Nine Lives Page 7
“For my first performance I was to be Guligan the Destroyer, and wear an eighteen-foot-high headdress. I don’t think I have ever been so frightened in my life. I was worried about silly little things: what happened if I needed to pee in the middle of a performance? What would happen if I fouled myself? But in the event, my first performance went very well.
“All I can remember is going to the green room, getting made up and putting on the costume. Then I went to the Guligan shrine, and bowed my head before the deity, praying with folded hands. Usually the deity comes when you look in the mirror and see your face as the face of the god; but on that first occasion it happened even before I had looked, when I made the gesture of lifting my hands above my head. This is a formal invitation for the god to enter you. This act of worship, this call, directed at the heavens, brings the god down.

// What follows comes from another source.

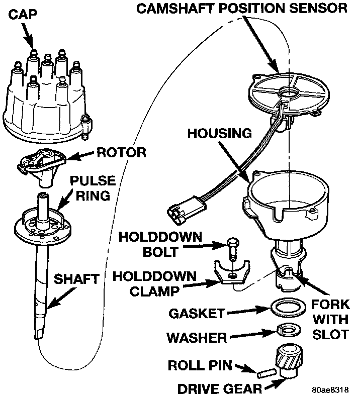 5. Remove camshaft position sensor from distributor housing. Lift straight up.

If you pray to God with a sincere heart and focus on one deity with all your mind—like Arjun focussing the aim of his arrow on the eye of the fish in the Mahabharata, so that you can see nothing but that which you are aiming at, and the rest of the world does not exist—then that is the moment when you cease to be the dancer and become instead that deity. From that moment it is not the dancer who dances, but the god.
“Things are unclear after that. I remember ceasing to feel like a man. Everything, body and soul, is completely subsumed by the divine. An unknown shakti [sacred energy] overpowers all normal life. You have no recollection of your family, your parents, your brothers and sisters—nothing.

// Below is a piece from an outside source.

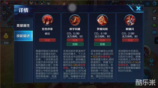 该技能具有多种效果,在单挑时很强,狩猎效果可以使自己受到的伤害降低,也可以让敌方英雄的输出降低。技能蓄力时会获得不错的移速加成,只要不施放出蓄力的钩镰可以用来作为加速技能使用,并没有蓝量消耗。技能命中后的二段效果可以把敌人拉到自己身后并且带有短时间的晕眩效果,作用类似钟馗的钩子。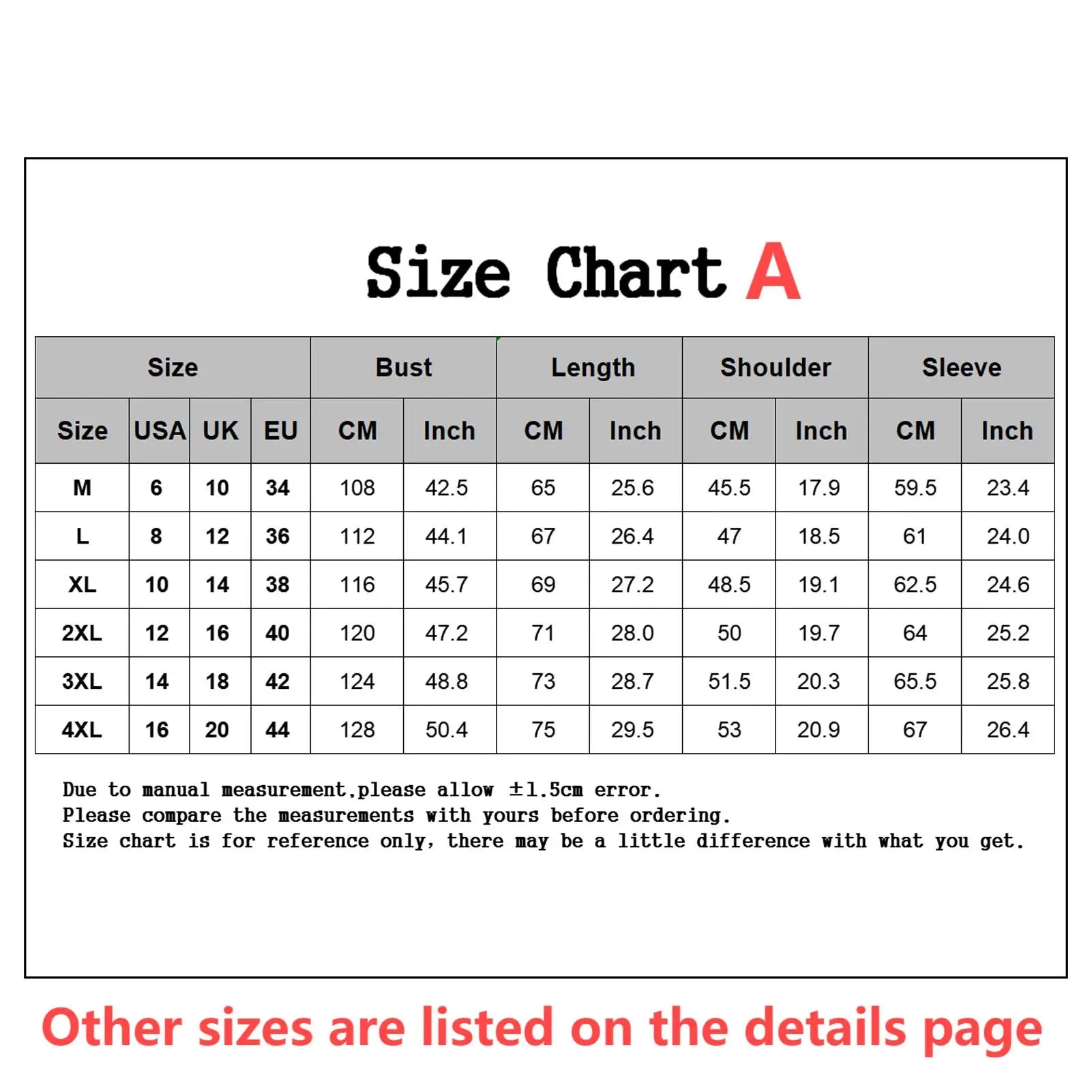 Tamaño: 4XL, Busto: 128 cm/50,4", Largo: 75 cm/29,5", Manga: 67 cm/26,4", Hombro: 53 cm/20,9" (Aprox.)

“My first sensation on coming back that first time was nervousness: about whether my god and the audience and especially my father had liked the performance. I felt a contrast between my body, which was tired from the exertions and having to carry this weight for several hours, and my heart, which felt very light, despite all my worries and concerns. There was a sensation of relief, a bit like the end of a headache. Then my father came to the changing room and congratulated me, telling me it was well done, and I remember feeling as if some great thirst had been quenched.
“After that I lost all my fear of performance, and I knew for sure that this was the sacred path I was meant to follow.”
The following evening, after he had finished work, Hari Das joined me again. We went to a street restaurant in the main bazaar of Kannur, and ordered appam and stew. He looked exhausted, and I asked which was more tiring: building wells, policing Tellicherry jail or performing theyyam all night?
“Theyyam is the most exhausting,” he replied. “No question. During the season a dancer cannot eat properly or sleep after dark—you are dancing all night, almost every night. The god blesses you and you find the strength somehow. All you can do is rest between performances, and sleep all day to recoup your strength. If you do not do this, your body will give way. Theyyam dancers have a very low life expectancy; most die before they hit fifty. It’s very demanding: the costumes are very heavy and we use strings to tie the costumes on and these rub and inhibit the blood circulation. Many of my colleagues turn to drink, because toddy gives you strength and helps you to make the facial expressions.
“That said, all these different jobs are tough. The jail work is the most frightening, but the least demanding physically. All you have to do is wander around all day with a lathi [cane] and avoid getting knifed. There is no satisfaction at all in that job—the only point of doing it is the cheque for Rs 6,000 that arrives on the first day of every month. Nothing else.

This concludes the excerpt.